Registering Extension Tools

Once extension capabilities become tools, they should look like built-ins to the model but still carry metadata for policy and diagnostics.

def register_extension_tools(registry, extension_context):
    for tool in extension_context.tools:
        registry.register(
            name=tool.name,
            schema=tool.input_schema,
            handler=tool.run,
            source=tool.source,
            permission_profile=tool.permission_profile,
        )

The source field matters. If a tool fails, the UI should be able to say whether it came from a built-in handler, a plugin, an MCP server, or a skill.

Permissions For Extension Tools

Extension tools should pass through the same authorization path as built-in tools.

async def authorize_extension_tool(call, policy):
    if call.source == "mcp":
        required = "external_tool"
    elif call.source == "plugin":
        required = call.metadata.permission_profile
    elif call.source == "skill":
        required = required_mode_for_skill(call)
    else:
        required = classify_builtin_tool(call)

    return await policy.authorize(call, required_mode=required)

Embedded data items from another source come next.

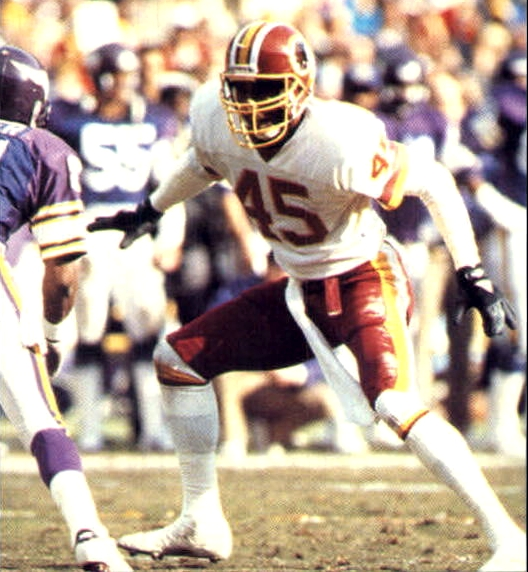 Washington Redskins cornerback Barry Wilburn defending an opponent of the Minnesota Vikings during the 1987-88 NFC Championship Game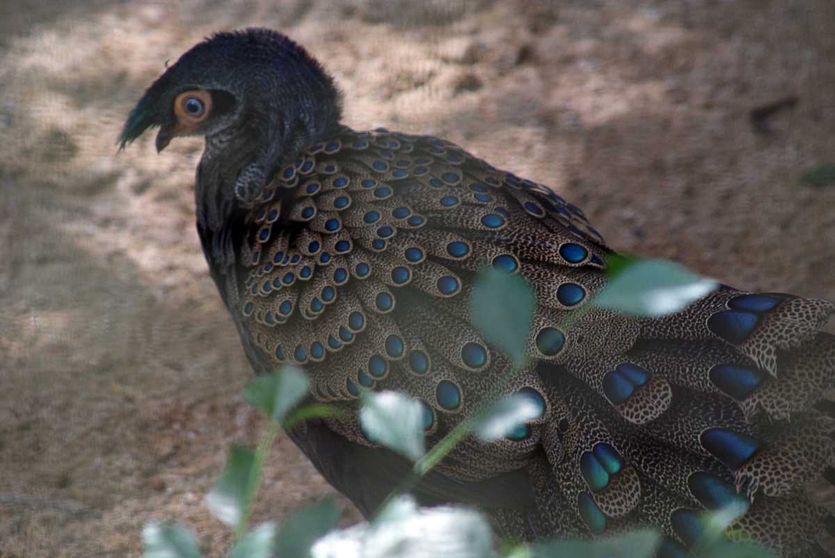 Merak Pongsu (in Malay) at Zoo Melaka, Malaysia. Also known as Crested Peacock-pheasant or Malaysian Peacock-pheasant.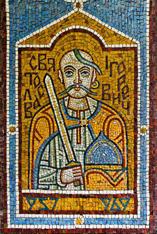 Mosaic of Sviatoslav I the Brave (r.962-972)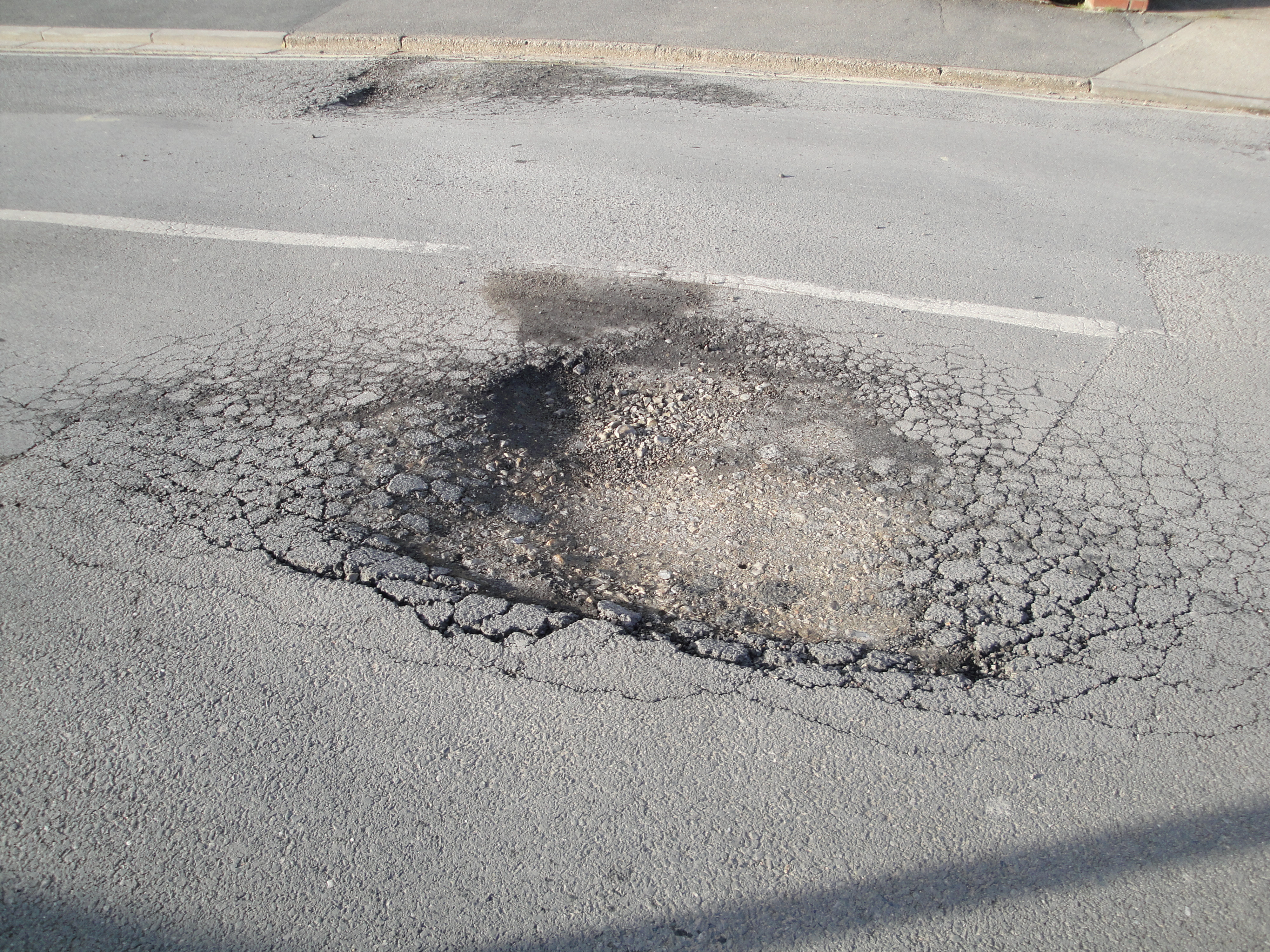 A large pothole in Whitepit Lane, Newport, Isle of Wight seen in February 2010. It was caused partly due to very cold weather during January 2010 causing water to freeze and cracks to form in the road surface. The damage has now been repaired.

The important rule is simple: extension loading should increase capability, not silently increase authority.

Failure Handling

Extension systems fail in more ways than built-in tools:

  • A plugin manifest is invalid.
  • A plugin hook crashes.
  • An MCP server cannot start.
  • An MCP server starts but does not initialize.
  • A skill manifest is malformed.
  • A tool schema from an external source is not model-safe.
def load_extension_safely(loader, descriptor):
    try:
        return loader(descriptor)
    except Exception as error:
        return ExtensionLoadFailure(
            name=descriptor.name,
            reason=str(error),
            recoverable=True,
        )

Recoverable failures should be reported to the user and excluded from the model-visible tool list. The model should not see a tool that cannot execute.

Codex And Claw Comparison

Extension Concern Codex Claw
Configuration Broad runtime config shared by TUI, exec, app server, tools, sandboxing CLI-centered config with model, permissions, prompt sections, plugins, MCP, skills
Plugins Present in newer runtime and product surfaces First-class CLI plugin management and runtime tool definitions
MCP Client/server and resource/tool surfaces MCP server manager, resources, auth, and tool exposure
Skills Integrated into prompt/tool context Skill listing, install, invocation, and tool-like surfaces
Permission boundary Approval and sandbox orchestration Permission policy and enforcer
Prompt boundary Runtime context and model-visible schemas Modular prompt builder with config and project memory sections

Practical Design Rules

  • Resolve configuration before building tools.
  • Track provenance for important config values.
  • Keep extension prompt text concise.
  • Normalize MCP and plugin tools into the same registry shape as built-ins.
  • Never let extension tools bypass permissions.
  • Emit load failures as diagnostics, not model-visible broken tools.
  • Treat skills as workflows with clear triggers, not vague prompt bundles.

Minimal End-To-End Flow

async def start_agent_with_extensions(workspace, cli):
    config = resolve_configuration(workspace, cli)
    extension_context = build_extension_context(workspace, cli)

    prompt = build_prompt(
        base_instructions=config.base_instructions,
        project_memory=load_project_memory(workspace),
        extension_context=extension_context.prompt_context,
    )

    registry = ToolRegistry()
    register_builtin_tools(registry, config)
    register_extension_tools(registry, extension_context)

    runtime = AgentRuntime(
        config=config,
        prompt=prompt,
        tools=registry,
        permission_policy=build_permission_policy(config),
    )

    return runtime

This is the clean mental model: configuration shapes the runtime, extensions add capabilities, the prompt tells the model what exists, the registry executes tools, and permissions constrain every action.